Justice Sotomayor initially took this analysis of Jones further, stating that she “would not assume that all information voluntarily disclosed to some member of the public for a limited purpose is, for that reason alone, disentitled to Fourth Amendment protection.” However, she also indicated that the court did not necessarily have to overturn the “third party” doctrine. She stated that it may be reasonable “that my location at one moment or other moments might be searched by police,” but that it would not be reasonable for the police “to track me down for 24 hours over 127 days.”  

Justice Breyer also indicated that it “may be that here another exception [to the “third party” doctrine] should exist” given dramatic changes in technology since the Smith v. Maryland decision.

Justice Gorsuch took a different approach to suggesting a privacy right in cellphone transactional records, framing the geolocation tracking as an invasion of property rights. He asked both parties whether a conversion claim would arise from the theft of Carpenter’s information from a cell phone provider. Justice Gorsuch also suggested that the Wireless Communication and Public Safety Act of 1999 may create a property right in those records through provisions requiring telecommunications providers to protect the confidentiality of customer information. He also noted that the SCA could not supersede the Fourth Amendment.
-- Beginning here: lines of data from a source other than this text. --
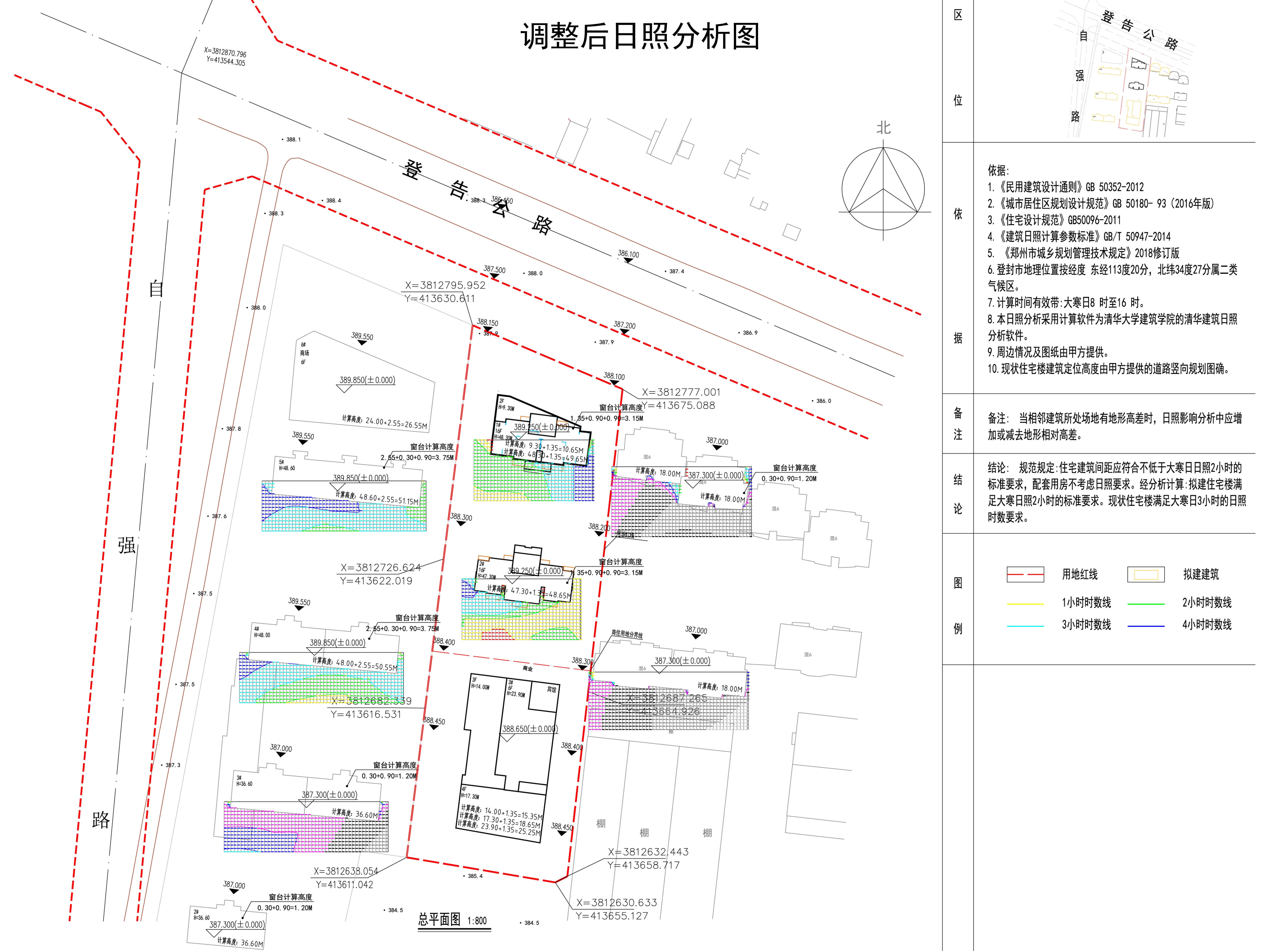 1.原总平面图 2.调整后总平面图 3.变更内容示意 4.调整后日照分析
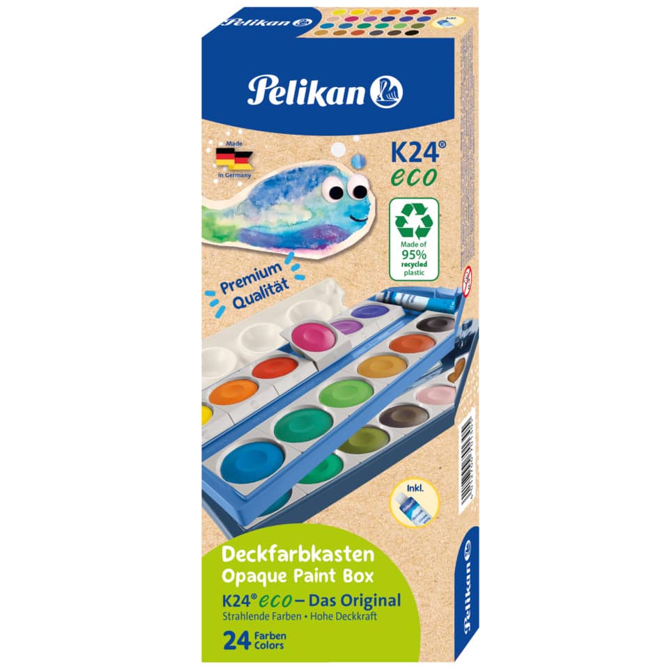Unterstützt die lehrplangerechte Farbenlehre, 24 Farben, starke Deckkraft, gute Haftung, lichtechte Pigmente, auswechselbare Farbschälchen, abnehmbarer Deckel mit 8 Mischfeldern. Alle Kunststoff-Teile bestehen zu mindestens 95 % aus Post-Consumer- Recycling-Material, inklusive wasserfestem Namensetikett. Inhalt: 24 Farben, 1 x Deckweiß ml.
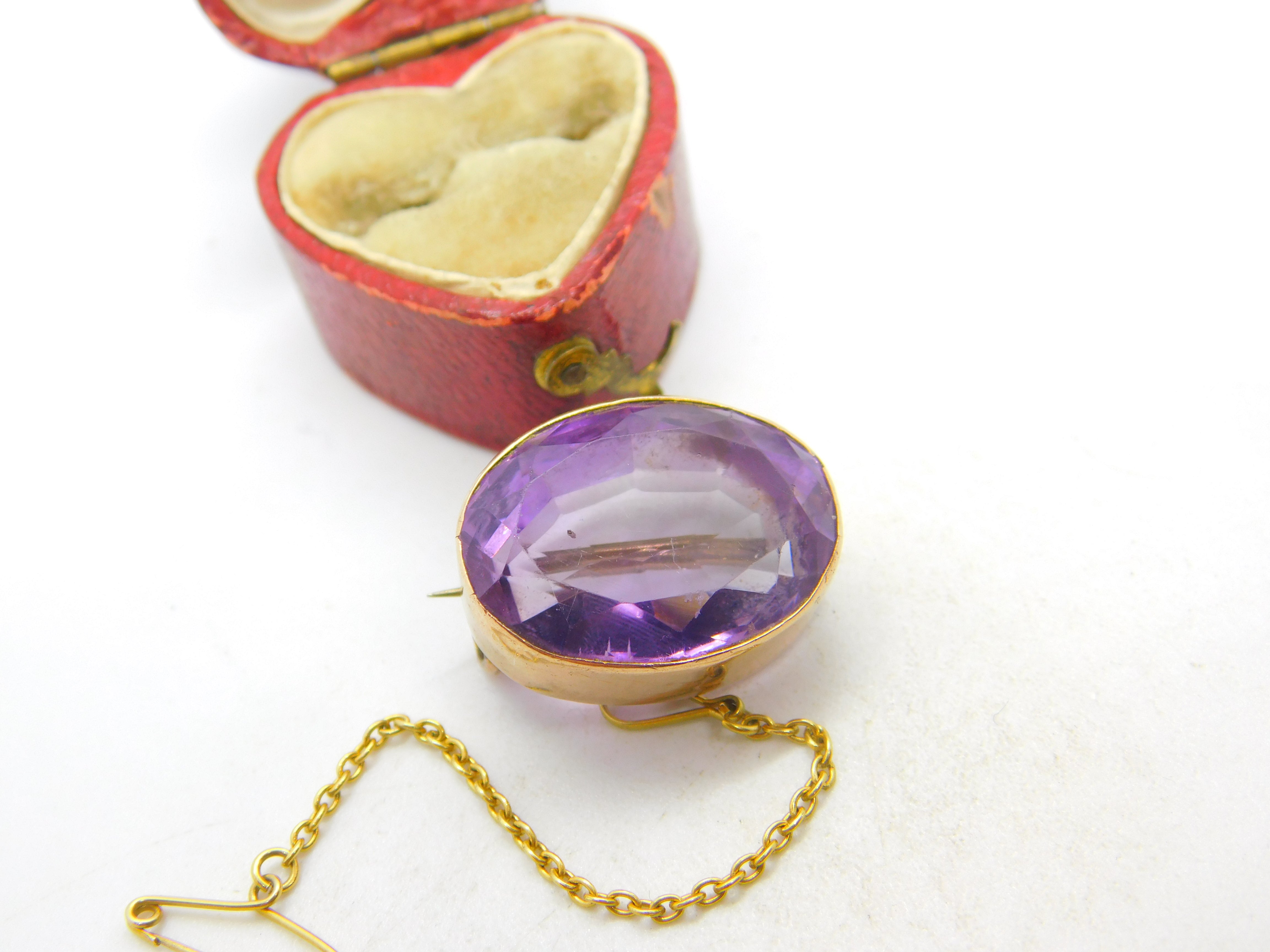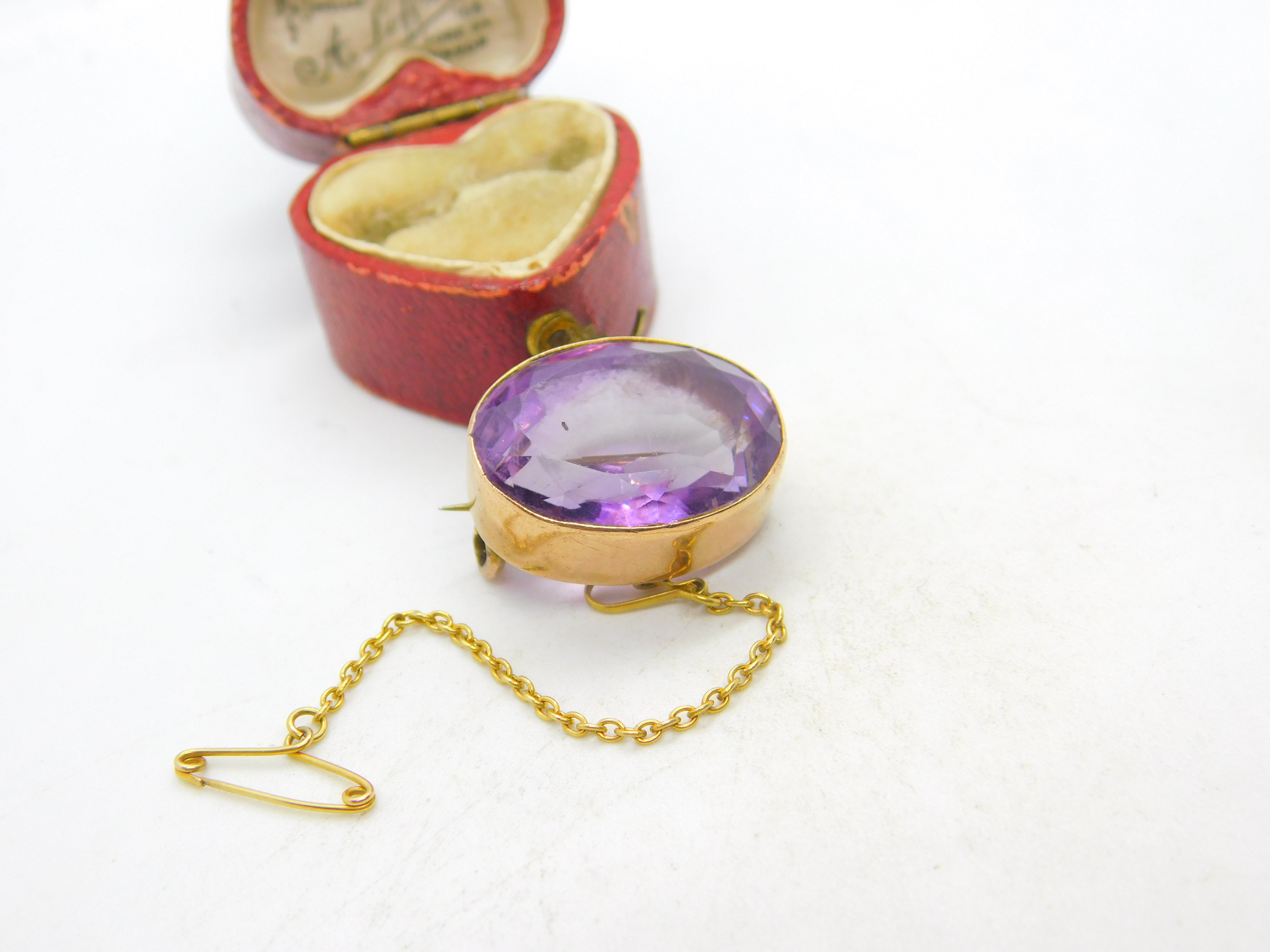 Details: A fantastic and wonderfully designed antique Victorian 9ct yellow gold and faceted amethyst button brooch c1850 - the gold has been XRF tested. This is a wonderful item that would make a perfect gift or addition to any collection. The BOX pictured is for PRESENTATION ONLY and is NOT included in the listings but used to frame the pictures unless specifically stated otherwise.
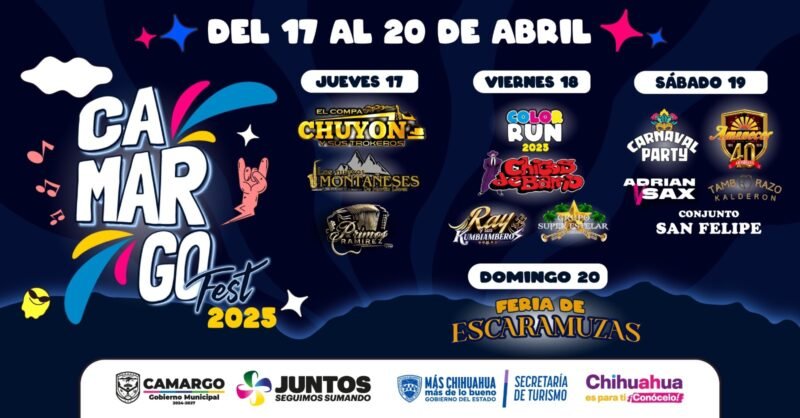 El Gobierno Municipal de Camargo, en coordinación con la Secretaría de Turismo del Estado de Chihuahua, invita a toda la población a disfrutar del Camargo Fest 2025, que se celebrará del 17 al 20 de abril, con una cartelera llena de espectáculos musicales, actividades culturales y diversión para toda la familia.
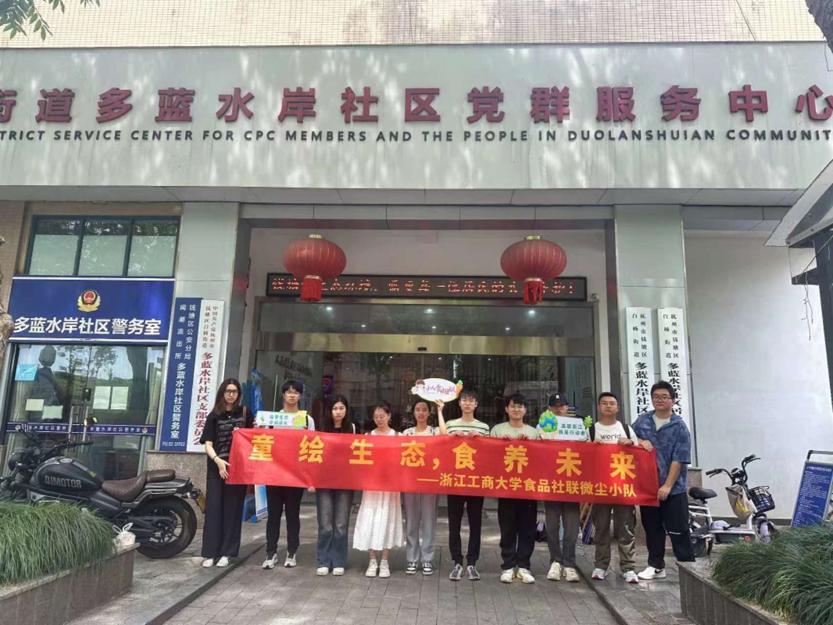 “民以食为天,食以安为先”,生态安全与食品安全在当今社会的重要性不言而喻。2024年7月上旬,浙江工商大学食品与生物工程学院社团联合会暑期社会实践小队——微尘小队走进多蓝水岸社区开展暑期社会实践活动,为社区的孩子们带去了一场以“童绘生态,食养未来”为主题的生态与食品安全知识普及活动。微尘小队希望通过本次暑期社会实践活动让孩子们在活动中培养环保意识与食品健康意识,为绿色健康未来播撒下希望的种子。
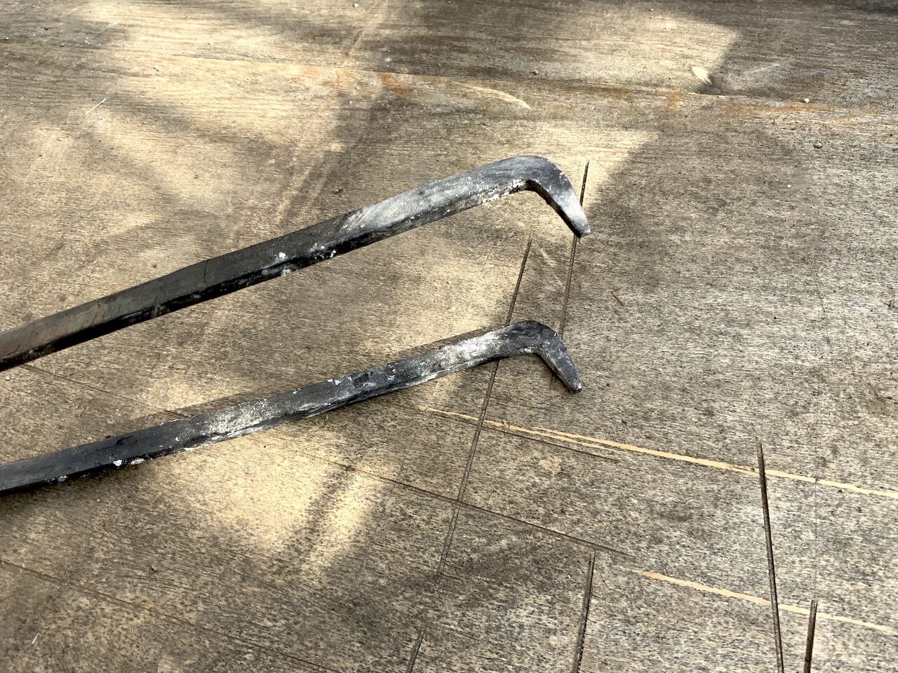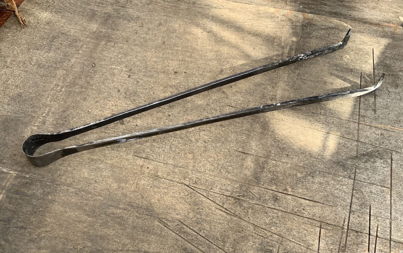 西根さんのところではもうひとつ道具を購入させてもらった。薪ストーブで使うトングである。手打ちのトングとはなんと贅沢な、と思われるだろうがそれだけではなく、このトングは絶妙なバネ感があり、先端は薪ストーブ(特に時計ストーブ)の上フタを掴みやすいようにL字に折れ曲がっている。西根さんのところでは先代の方がおよそ50年前に考えて作ったこのトングをまだ現役に使っていた。そしてそのトングと同型を近年改めて作り始め、販売を始めたのだそうだ。この造形と塊感もかなり面白い。トロみのある黒皮の表面とその柄の細さ、そして根本のバネの感触は、鉄という素材の特性がそのままに露出した正直な形をしている。
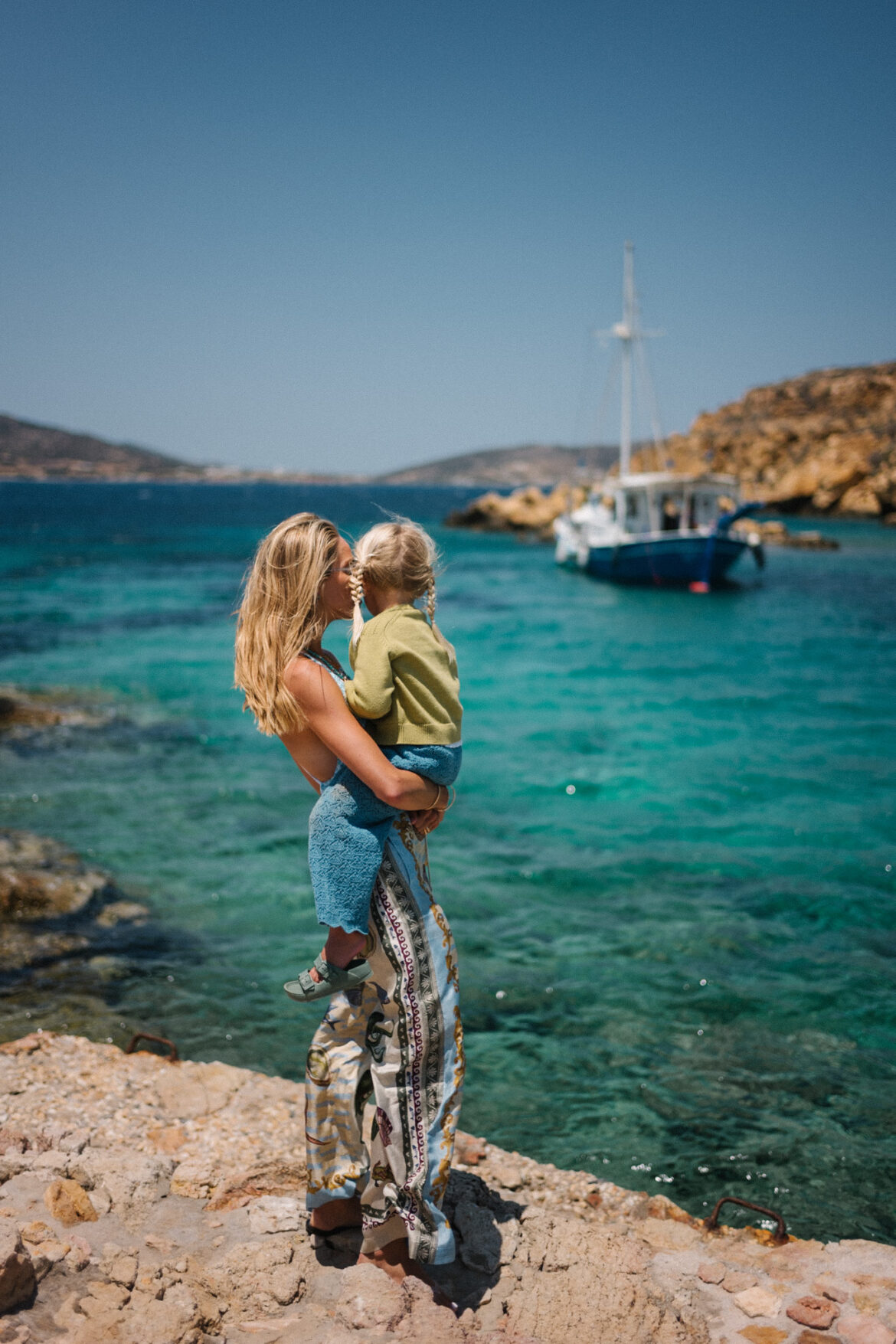 La Grèce a la possibilité de réorganiser leurs sens, les couleurs apparaissent d'une toute nouvelle manière. Le cobalt n'est pas seulement bleu, il est soudainement de la profondeur et du sel et de l'ombre. Et la crème n'est pas neutre, c'est l'os, le plâtre, le dessous d'une feuille de figuier en plein soleil. Ensemble, ils sont la palette que je garde et répète à plusieurs reprises le rythme des îles. Les chromatiques égéennes ne sont pas une tendance. Ils sont une humeur, un souvenir, un moyen de voir. Et pour le moment, ce sont tout ce que je veux porter. Notre première journée complète en Grèce a commencé avec une journée de bateau de 7 heures à Paros. L'eau est une couleur frappante, froide, mais rafraîchissante avec la chaleur estivale. Nous avons navigué et nous nous sommes arrêtés près d'une niche sans vent pour le déjeuner et avons sauté dans l'eau pour se refroidir par la suite. Après que tout le monde ait été étonné du décalage horaire, le swing du bateau nous a lentement collés dans une sieste tranquille avant de retourner à la terre.
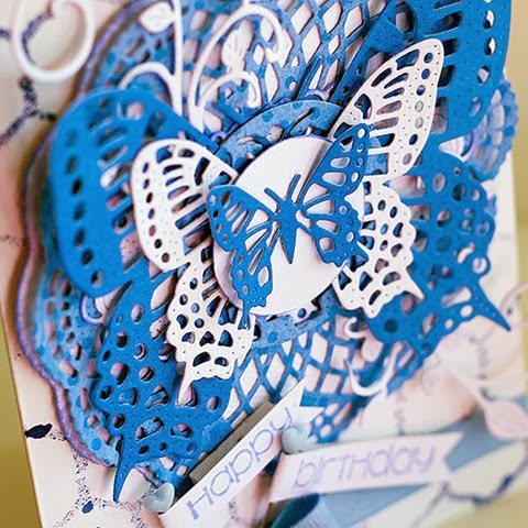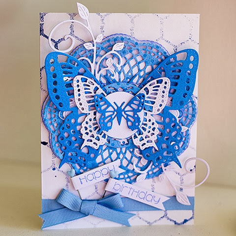To create the card I have used a white card base and a chicken wire mask … sprayed it in a coordinating blue mist (I used Tattered Angels Sapphire). I have then cut out the angel wing from the Lilith Doily w/ Angel Wing - DL263 in white cardstock and inked the edges and topped it with the Lilith Doily cut in blue. I have stacked the Exotic Butterfly X-tra Large – DL119, Exotic Butterfly Medium #2 – DL115 and the Small Exotic Butterflies #1 w/Angel Wings – DL112AB with some of the other stackers in between. Finished the card with a couple of the Mini Fanciful Flourish – B117S and some ribbon and stamped pick pins.
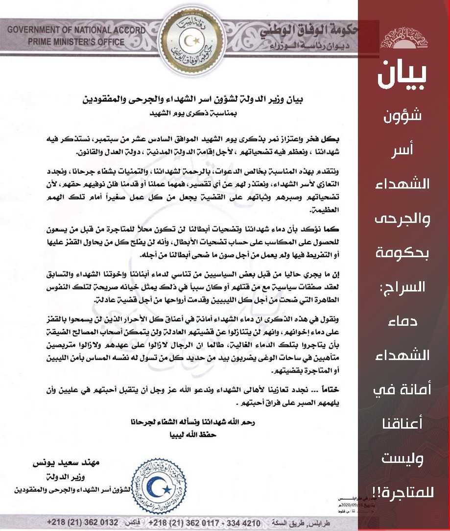 شؤون أسر الشهداء والجرحى بحكومة السراج: دماء الشهداء أمانة في أعناقنا وليست للمتاجرة!!
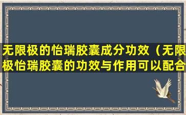 无限极(Infinitus)是一家中国的保健品公司,其产品包括多种健康食品和营养补充品。怡瑞胶囊是无限极的一款产品,主要成分包括多种植物提取物,旨在帮助调节身体机能,增强免疫力等。
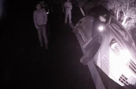 轿车翻出路面倾斜60度 司机和乘客竟在车内睡大觉

Several justices indicated their concern regarding Fourth Amendment protections for geolocation data. However, even if a majority shares those concerns, there are still important questions remaining regarding the scope of those protections and their rationale.

United States v. Microsoft

Oral argument in Microsoft addressed the parties’ different conceptions of the SCA and raised questions regarding the appropriate method to address international privacy issues.

Because the parties agreed that the SCA does not apply extraterritorially, much of the argument focused on where the warrant would be enforced.  The government took the position that the SCA, and section 2703 particularly, is aimed at regulating disclosures, which occur in the United States. Therefore, in the government’s view, complying with the warrant at issue in Microsoft is a domestic act divorced from foreign legal considerations.

On the other hand, Microsoft argued that the SCA is aimed at maintaining privacy over stored communications, which are in Ireland in this case.  Microsoft also emphasized that complying with the warrant would require both physical action in Ireland and an invasion of Irish law, colorfully stating that the government “sen[ding] a robot into a foreign land to seize evidence . . . would certainly implicate foreign interests.”

Another significant theme was the appropriate method to address Microsoft’s international compliance concerns. Justice Breyer discussed the need for practically administrable solutions, such as requiring comity analysis when warrants implicate foreign privacy laws, rather than a bright-line ban on obtaining data stored in foreign countries.

The justices also considered deferring action to Congress. They noted that the CLOUD Act bill in the Senate may address SCA conflicts with foreign law. Justice Sotomayor stated that the government is requesting the court “to imagine what Congress would have done or intended in a totally different situation today” and asked the “[w]hy shouldn’t we leave the status quo as it is and let Congress pass a bill in this new age?” Justice Ginsburg echoed those thoughts, suggesting Congress should “regulate in this brave new world.”

Microsoft’s counsel encouraged this restrained thinking, cautioning that if the court “tr[ies] to tinker with this, without the tools that only Congress has, [it is] as likely to break the cloud as [it is] to fix it.”

This oral argument did not suggest a preferred resolution of the territorial enforcement issue. However, it did suggest some debate among the justices regarding whether the court should act and the scope of any such action. 

 

Sean Fernandes is an associate at Ellis & Winters LLP in Raleigh, North Carolina.